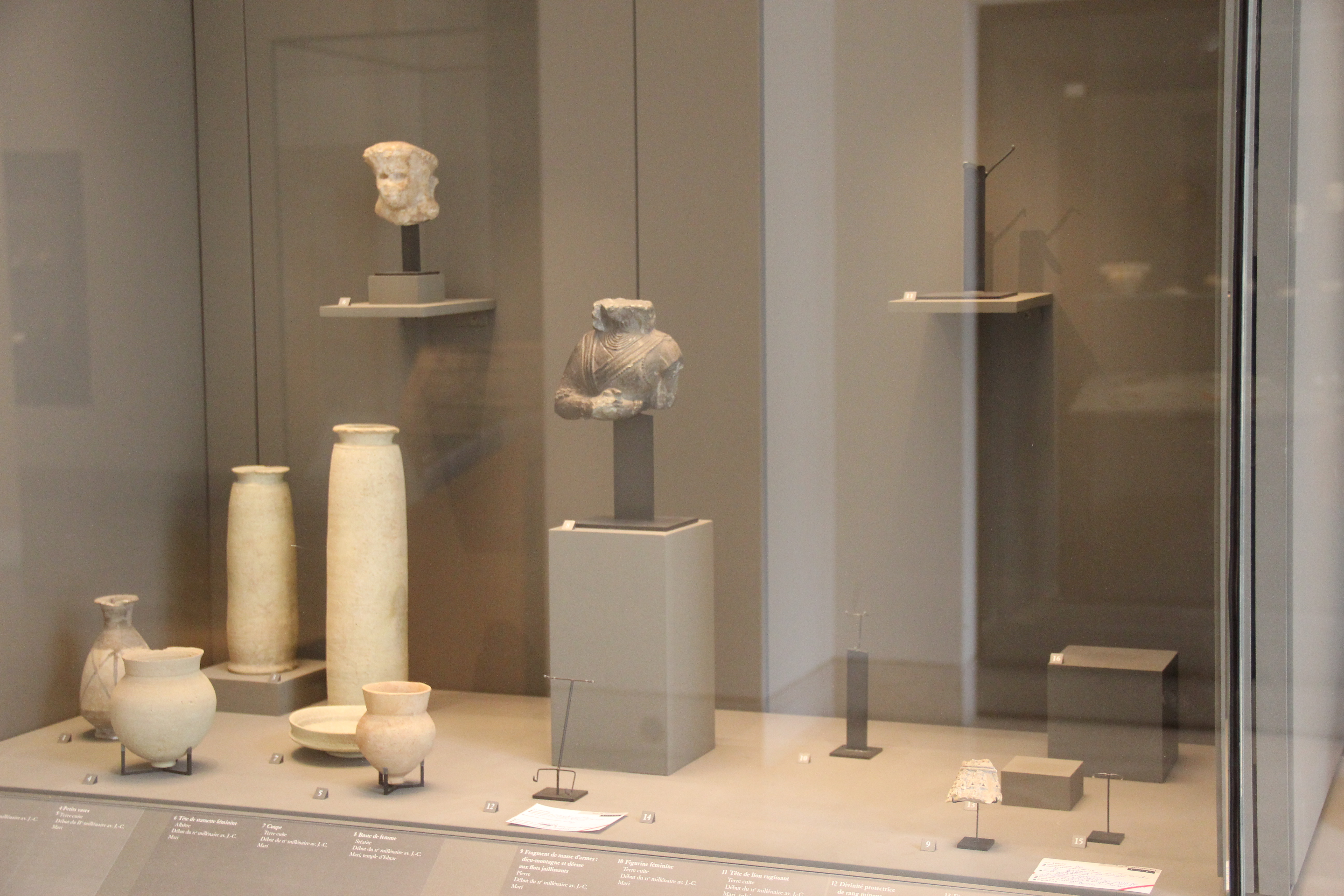 Artifacts from Amorite Kingdom of Mari, 1st Half of 2nd Mill. BC Ancient Near East Gallery, Louvre Museum, Paris, France. Complete indexed photo collection at .
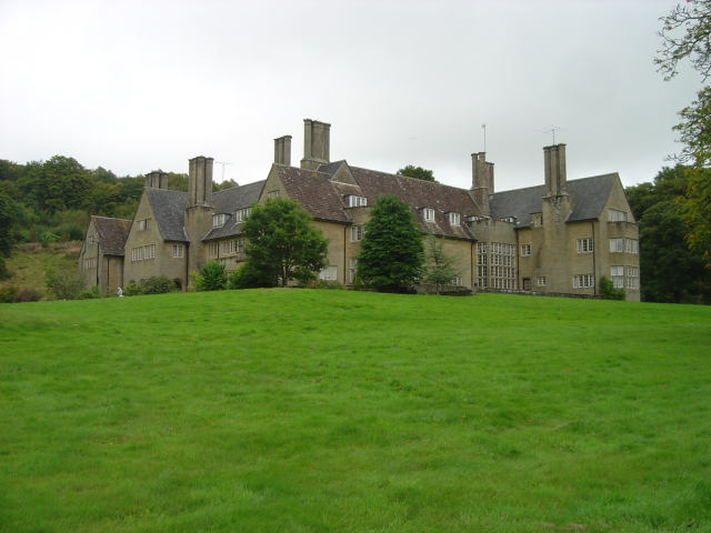 Kildonan House.
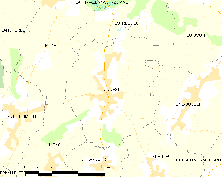 Map of French municipality Arrest
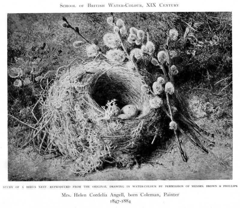 1905 print after page of Women painters of the world, from the time of Caterina Vigri, 1413-1463, to Rosa Bonheur and the present day, by Walter Shaw Sparrow, The Art and Life Library, Hodder & Stoughton, 27 Paternoster Row, London
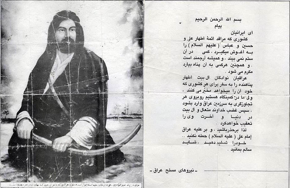 An admonitory declaration issued from Iraqi government in order to warn Iranian troops in Iran-Iraq war. The statement says Hey Iranians! No one has been downtrodden in the country where Ali ibn Abi Ṭālib, Husayn ibn Ali and Abbas ibn Ali are buried. Iraq has undoubtedly been honorable country. All refugee should be precious. Everybody who wants to live in exile can choose Iraq freely. We Iraq's sons have been ambushing to foreign aggressors. The enemies who plan to assault to Iraq are going to be disfavored with God in this world and eternity universe. Be careful to think to attack to Iraq and Ali ibn Abi Ṭālib! If you surrender Perhaps you will be in peace.
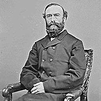 Donald C. McRuer, US Representative from California
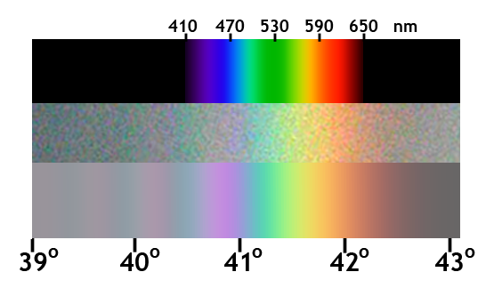 White light dispersed by a prism into the colors of the optical spectrum (above stripe) compared to a calculated rainbow (below) and its interference between rays of light following slightly different paths with slightly varying lengths within the raindrop (∅: 0.7mm). The middle stripe is from a real observation of a rainbow.
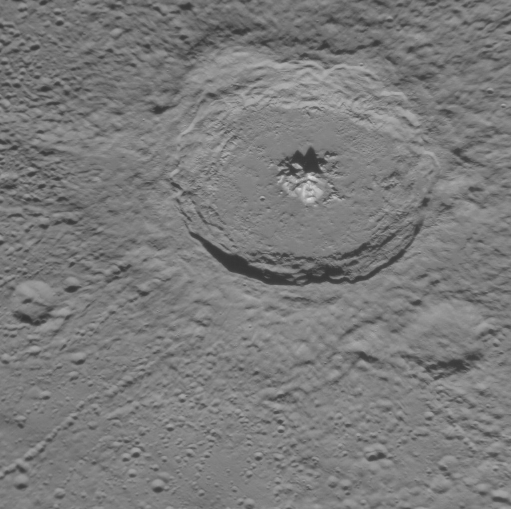 Oblique view of Alencar crater on Mercury. MESSENGER Narrow Angle Camera. North is to the left. Emission Angle: 28.7 Incidence Angle: 75.3 Latitude: -62.8 Longitude: 255.2 Phase Angle: 46.6
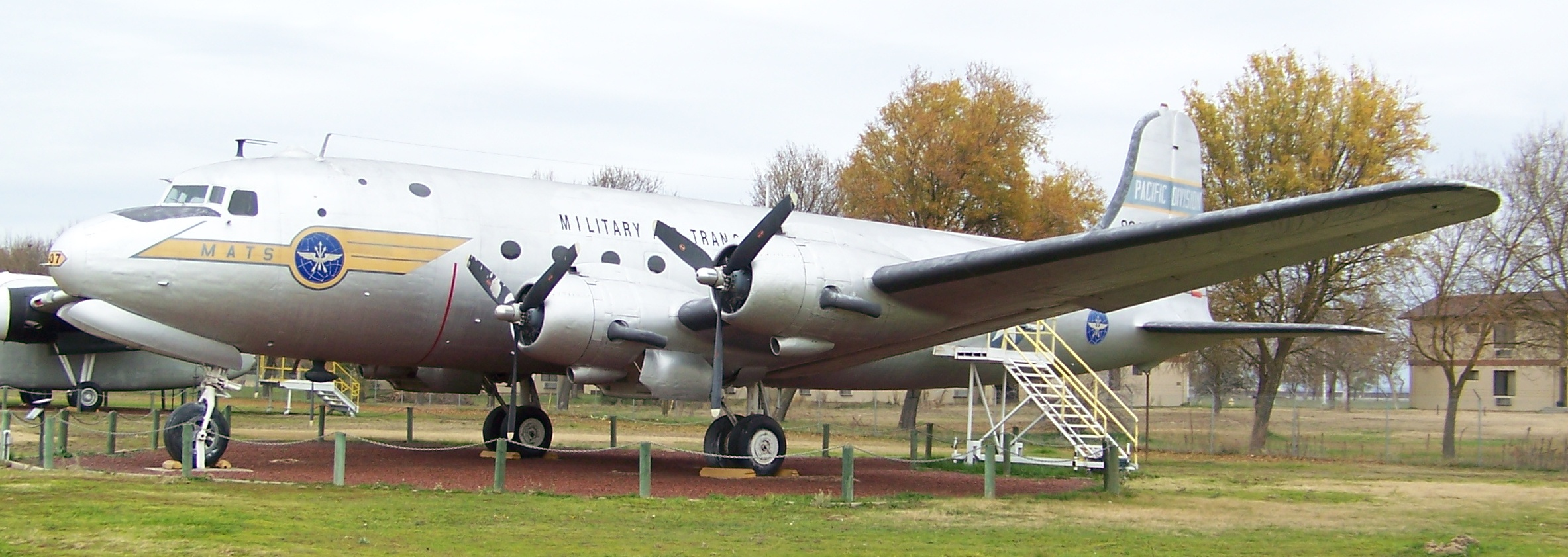 A Douglas R5D-4 Skymaster on display at the Castle Air Museum in Atwater, California.
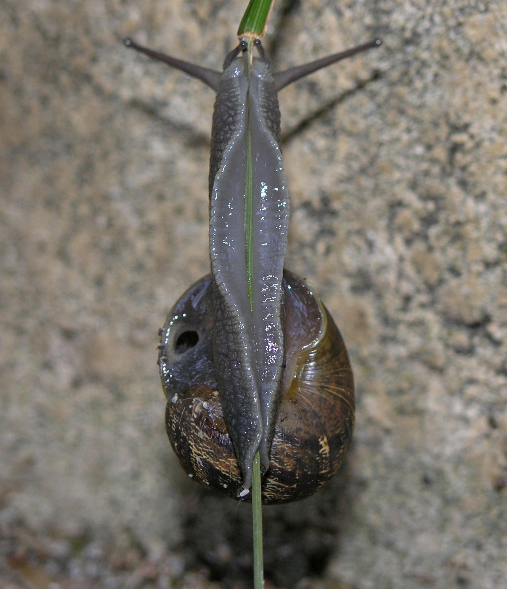 Snail climbing a bladed of grass. Helix aspersa, determined 04 June 2011 by Francisco Welter-Schultes Insufficient DOF, JPEG artifacts

• • • • • • •

## [GOAL OF THE EXERCISE]
Write out exactly the lines between the start of the data and the line with "Map of French municipality Arrest", including both, but none of the pictures.

## [RESULT OF THIS EXERCISE]
 Artifacts from Amorite Kingdom of Mari, 1st Half of 2nd Mill. BC Ancient Near East Gallery, Louvre Museum, Paris, France. Complete indexed photo collection at .
 Kildonan House.
 Map of French municipality Arrest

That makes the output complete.